Find the line that contains "Саженцы клёна красного" in the entries below. Restate it and every line after it, word for word, with no pictures.

**********

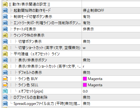 チャートウィンドウの移動や操作ができなくなりますので、チャートウィンドウを希望の配置に 並べた後に機能を有効にして下さい。同一MT4内の複数のEAHelperで「ウィンドウ枠の非表示化」を 有効にした場合、正しく機能しない場合があります。 切替ボタン表示:デフォルト【無効】 【有効】にした場合、切り替えるためのボタンを表示します 切替ショートカット:デフォルト【w】 切り替えるためのショートカットキーに使用するキーを指定します。 英字1文字の設定、空白時はショートカットキー未設定となります。 平均建値(±オフセット)ライン 現在のチャート上で保有している買いポジション・売りポジションの平均建値のラインを表示します。 表示/非表示ボタン:デフォルト【無効】 【有効】にした場合、切り替えるためのボタンを表示します 表示/非表示ショートカット:デフォルト【r】 切り替えるためのショートカットキーに使用するキーを指定します。 英字1文字の設定、空白時はショートカットキー未設定となります。 デフォルトの表示:デフォルト【無効】 【有効】にした場合、平均建値ライン表示をデフォルトで有効にします。 ライン色 BUY・SELL:デフォルト【Magenta】 【有効】にした場合、平均建値ライン表示をデフォルトで有効にします。 ±オフセット[pips]:デフォルト【0.0】 平均建値ラインを指定pipsズラしたところに引く場合、そのオフセットpips値を指定します。 過去ログファイルの自動削除:デフォルト【無効】 MT4フォルダ内にたまる過去のログファイルを定期的に削除します。以下のサブフォルダ内のログファイルを削除します ・[MT4フォルダ]\logs ・[MT4フォルダ]\tester\logs ・[MT4フォルダ]\MQL4\Logs SpreadLoggerファイル出力:デフォルト【無効】 【有効】にした場合、MQL4\Files配下にスプレッドのログを出力します。 有効時の動作負荷が高いため、同一MT5内の複数EAHelperで同時に出力することはできません。 平均・最大・最小スプレッドを算出・表示は SpreadLoggerAnalyzer.exe をご使用ください。
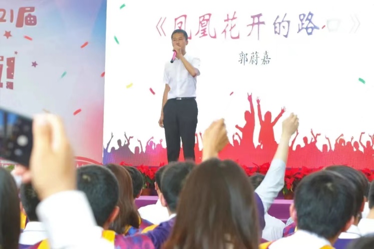郭蔚嘉在材7年级毕业典礼上献唱
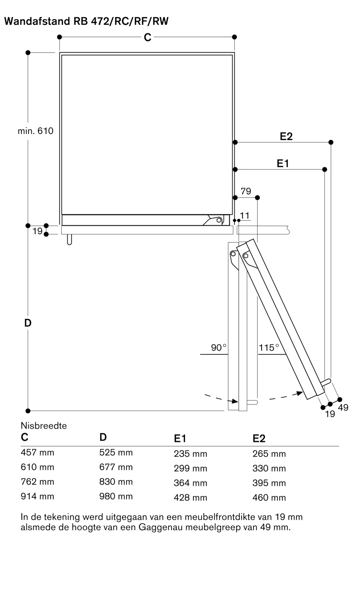 Deuropeningshoek 115°, kan op 90° vergrendeld worden.
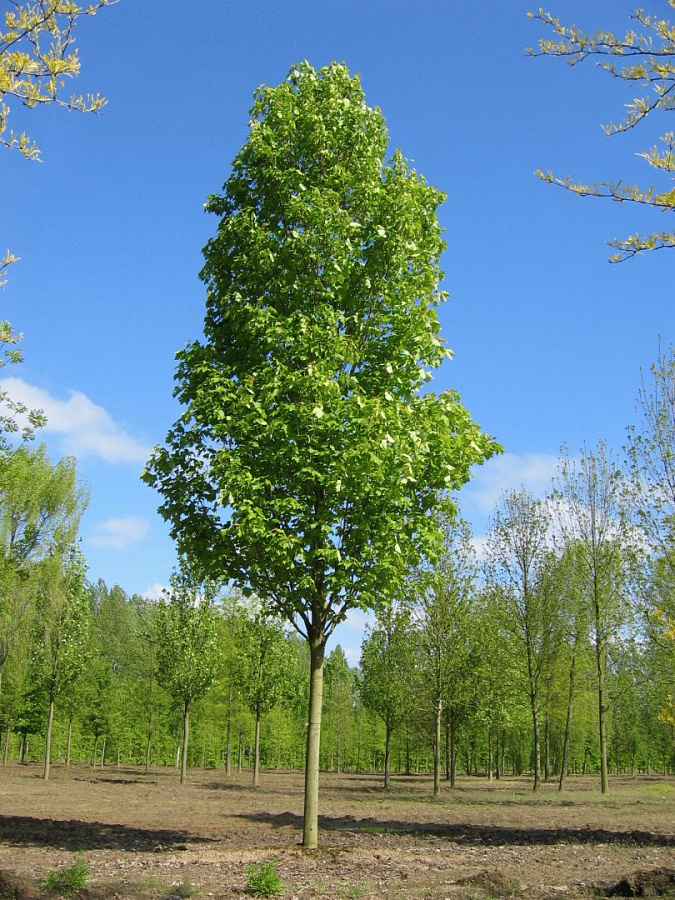 Саженцы клёна красного Сканлон (Scanlon) хорошо подходит для озеленения разных территорий, высадки вокруг водоёмов. Крона до 10-12 м высотой и 3-4 м в диаметре, узкоколоновидной формы. Листья весной имеют красноватый оттенок, летом зелёные с беловато-сизым окрасом изнанки, к листопаду окрас меняется на жёлто-оранжевый или почти красный с оттенками. Морозоустойчивость высокая, но при холодных ветрах возможно обмерзание молодых побегов. Хорошо выносит городские условия. При необходимости возможно приобретение крупномеров клёна красного Сканлон. Болезненно воспринимает сухой грунт и воздух — в засушливые периоды рекомендуется полив и дождевание кроны. Не переносит уплотнение почвы.
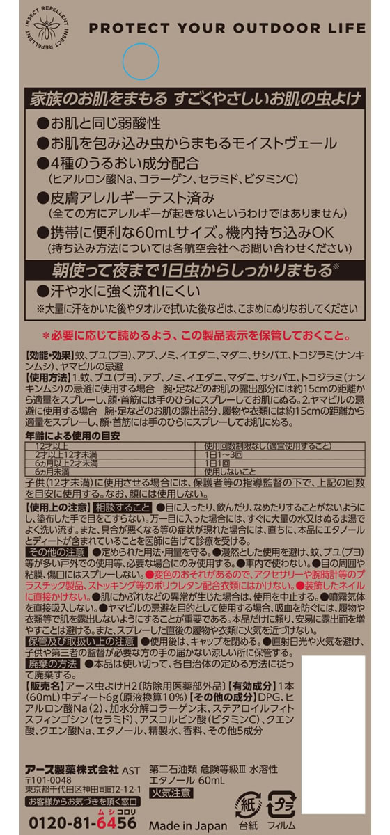 お肌を包み込み虫からまもるモイストヴェール。4種のうるおい成分配合(ヒアルロン酸Na、コラーゲン、セラミド、ビタミンC)。

**********

▶ Result for this exercise:
 Саженцы клёна красного Сканлон (Scanlon) хорошо подходит для озеленения разных территорий, высадки вокруг водоёмов. Крона до 10-12 м высотой и 3-4 м в диаметре, узкоколоновидной формы. Листья весной имеют красноватый оттенок, летом зелёные с беловато-сизым окрасом изнанки, к листопаду окрас меняется на жёлто-оранжевый или почти красный с оттенками. Морозоустойчивость высокая, но при холодных ветрах возможно обмерзание молодых побегов. Хорошо выносит городские условия. При необходимости возможно приобретение крупномеров клёна красного Сканлон. Болезненно воспринимает сухой грунт и воздух — в засушливые периоды рекомендуется полив и дождевание кроны. Не переносит уплотнение почвы.
 お肌を包み込み虫からまもるモイストヴェール。4種のうるおい成分配合(ヒアルロン酸Na、コラーゲン、セラミド、ビタミンC)。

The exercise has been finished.